Volunteering Make Us Stronger And there you have it! What started out as a cry for help over time became a “what can I do to help you.” I now spent all of my free time writing, connecting with my diabetes community (online and offline) and advocating for all the things we need for people with diabetes.

I have found something I am passionate about. I can’t wait to see where volunteering brings me next!

Diabetes Ireland Celebrates 50 Years

Last Thursday evening, Diabetes Ireland launched a book detailing their 50 years in existence. I was so proud to be there to witness it, so honoured to be asked to contribute and excited to meet some diabetes legends. Local TD, Róisín Shortall did the honours and gave a lovely speech, as did chairperson, Hilary Hoey and CEO Kieran O’Leary.

Did you know that the very first AGM of what’s now Diabetes Ireland took place on the 2nd of April 1967 in the Mansion House in Dublin?

Do you know that 750 people showed up???? Yes, seven hundred and fifty people!!

They must have come from all over. The first mission of the organisation was to make insulin free to patients. They achieved this within their first two months. And then secured all other diabetes supplies on the Long Term Illness scheme in 1971.

This was especially poignant because as we were celebrating 50 years of free insulin and diabetes supplies, at the same time in the United States of America, THE richest nation in the world, the House of Representatives voted to repeal the health care act that made insulin accessible, and affordable to most of its millions of it’s citizens with diabetes. It was heartbreaking.

I’m quite lost for words for my fellow PWD’s in America. I hope to be able to find some, words that is, for a post soon.

When the speeches finished, I was approached by a lady, Una Wilson, who wanted to tell me that her daughter, Orla, who lives in America sent her a piece that I had written for DiabetesMine.com and complimented me on it.

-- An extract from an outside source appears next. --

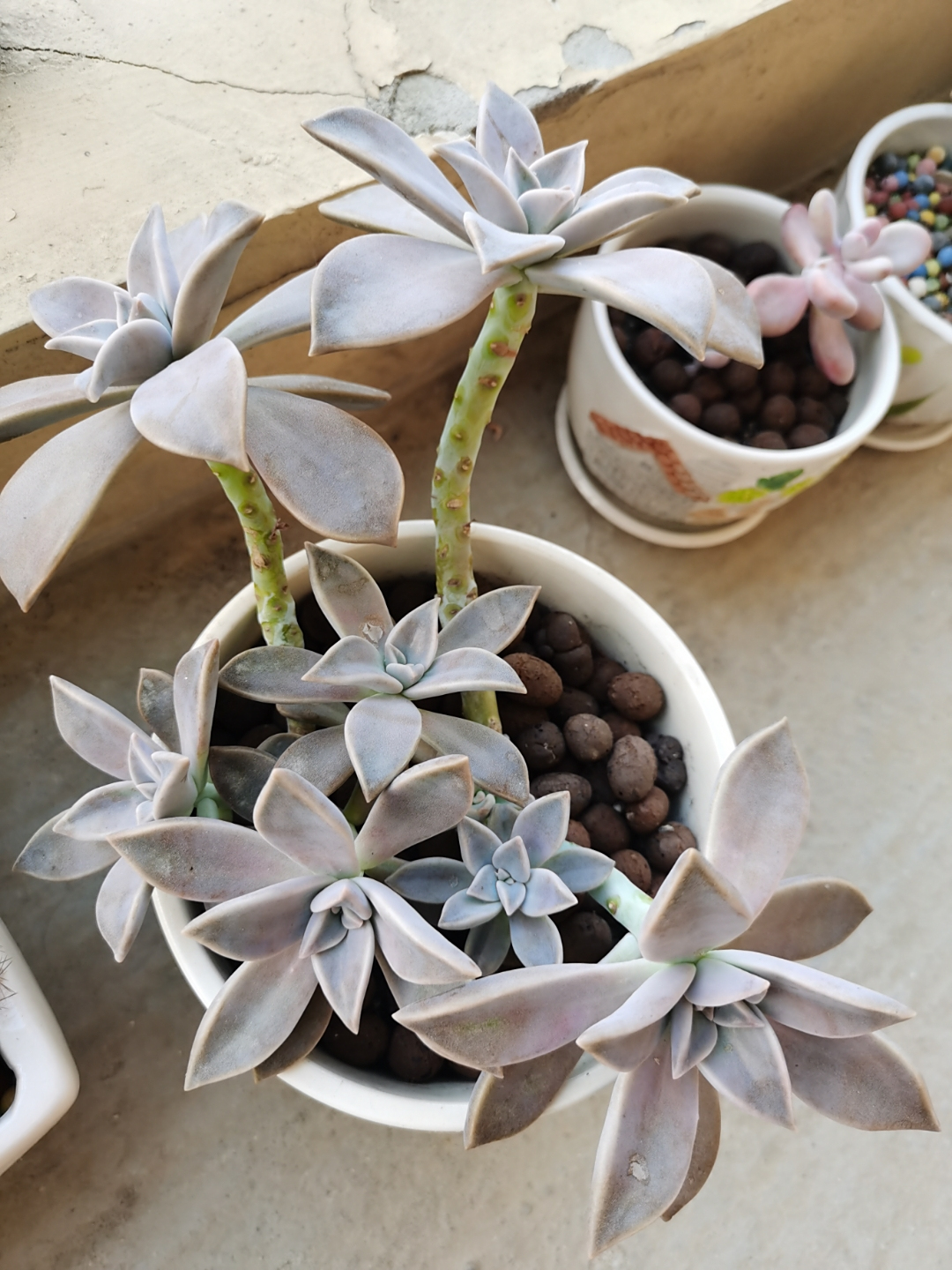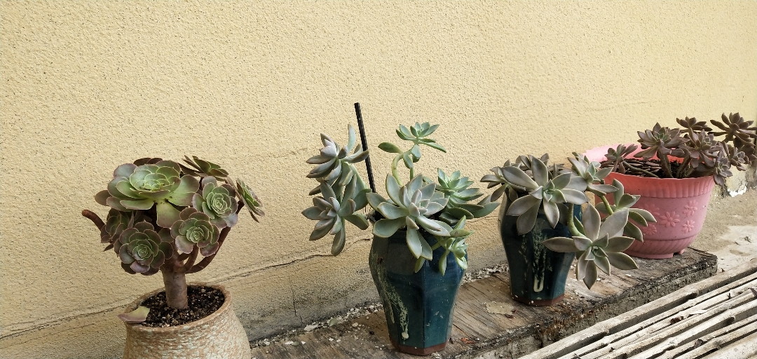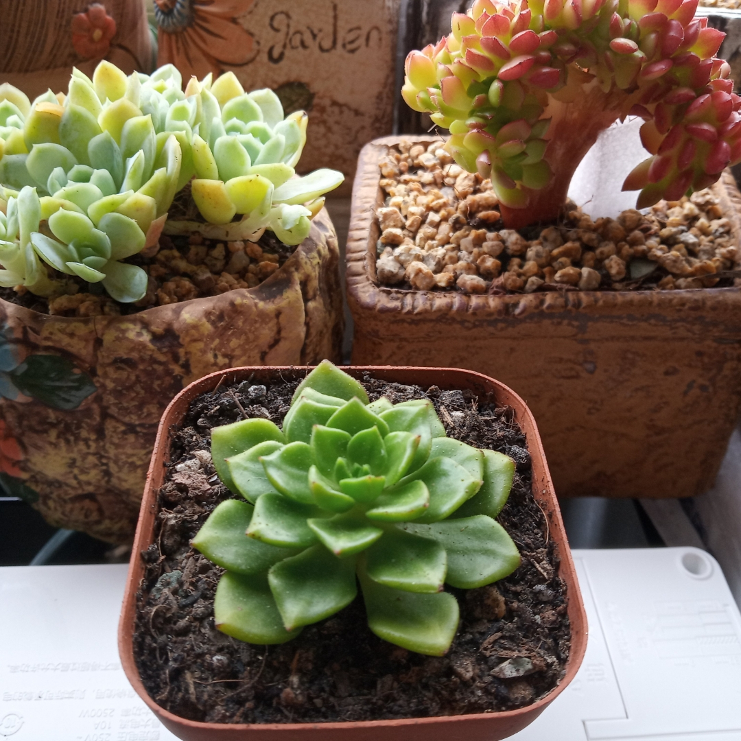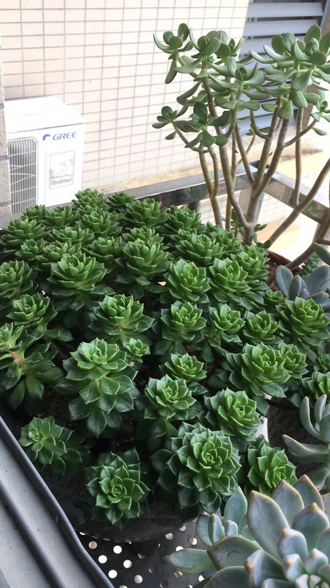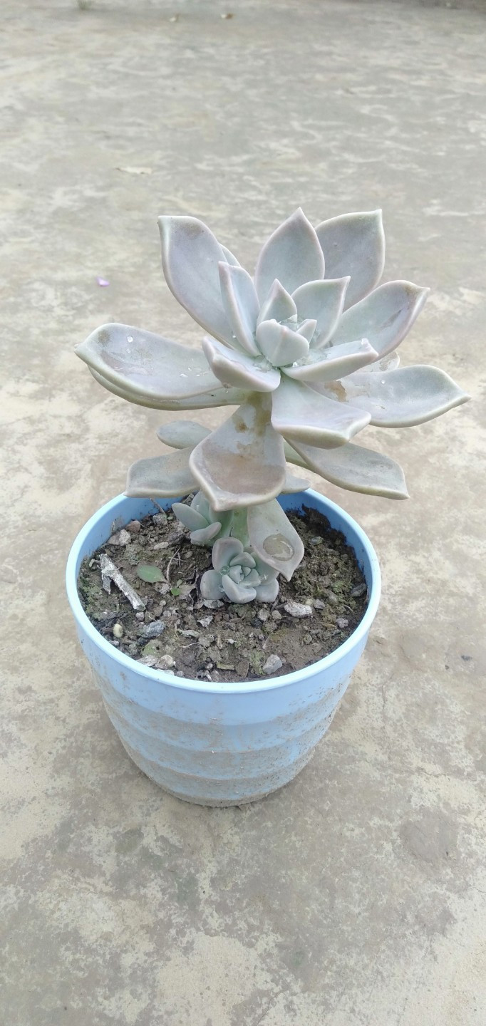 然后去年扔在老家一直没管过,当时也不知道它叫胧月 ,去年冬天有点冷都没被冻死,今年我喜欢上肉肉了我就把它从老家带来,一开始放的地方光太少,还经常下雨,看着长得慢,后来我换个阳光好的地方养,天天看,发现长得好快呀

I’ve always loved to hear stories, other people diabetes stories, and to hear about how Diabetes Ireland began and about the people who started it has been fascinating for me. So when Una told me her name, I immediately knew that she was employee number 2 with Diabetes Ireland - the very second person employed, and launched into a hundred questions about how that happened and what it was like. Una was diagnosed in 1982, her daughter Orla, then 12 was diagnosed a couple of months later and Orla’s daughter has been diagnosed recently.

The family of the very first person employed by Diabetes Ireland, Phil Vizzard, were there too and represented her proudly. Phil’s daughter, Nicola, talks in the book about being a small army of fundraisers; “shaking boxes outside football matches, raising sponsorship or collecting money in pubs”.

This book was exciting for me to read because I’ve been meeting other volunteers for years and never really got to sit and chat with them. It’s through the book that I found out how much of a LEGEND Donegal’s Danny McDaid is. Danny is a long time volunteer and a two time Olympian. I mean he has a 10K named after him!!!

I had no idea that there was a story behind the start of the southern branches. I also had the opportunity to meet Tony O’Sullivan a fellow person with type 1 diabetes and a GP, who was chairperson of Diabetes Ireland about the time that I began volunteering and went on the become chairperson of the International Diabetes Federation.

It was a lovely evening and I hope that this book finds it’s way into the hands of every person with diabetes.